Traditional Asset Allocation strategies subscribe to the Stocks, bonds, Cash model. In the era of negative interest rates, gyrating stock market prices, other Alternative asset classes such as Real estate, gold are starting to show favor. Since interest rates have turned negative in Europe and Japan, inverted yield curves in US and elsewhere, Gold and Real estate are making a comeback.

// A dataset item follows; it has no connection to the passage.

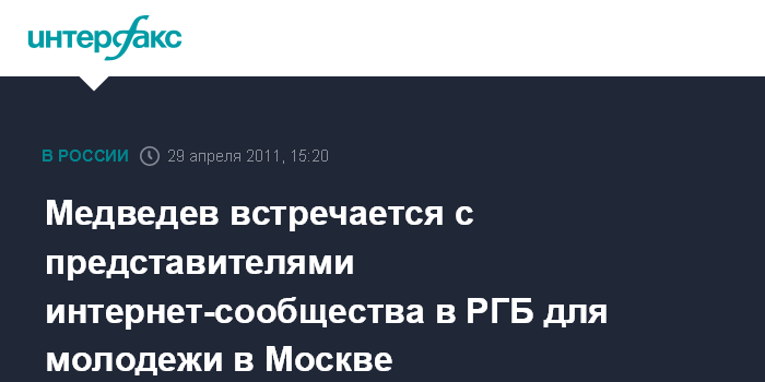 Москва. 29 апреля. INTERFAX.RU - Президент России Дмитрий Медведев проводит в пятницу встречу с представителями интернет-сообщества в Российской государственной библиотеке для молодежи в Москве.

With such hard assets, investors can back their portfolio volatility with some physical and solid asset backed holdings, providing some safety and long-term income.
Even though Gold is a nice long-term hard asset, it is a dead asset. It does not provide income except for some Gold ETF’s, ETN (Notes) and Mutual Funds paying dividends. Mostly Gold may provide appreciation in times of economic uncertainty and stock market volatility. In times of war and extreme disruptions in times of disasters, currency devaluations, smaller denominations of gold in gold coins, of say 1g or 10 g each may serve as a valuable means of purchasing necessities. These dire scenarios are unlikely but nevertheless possible.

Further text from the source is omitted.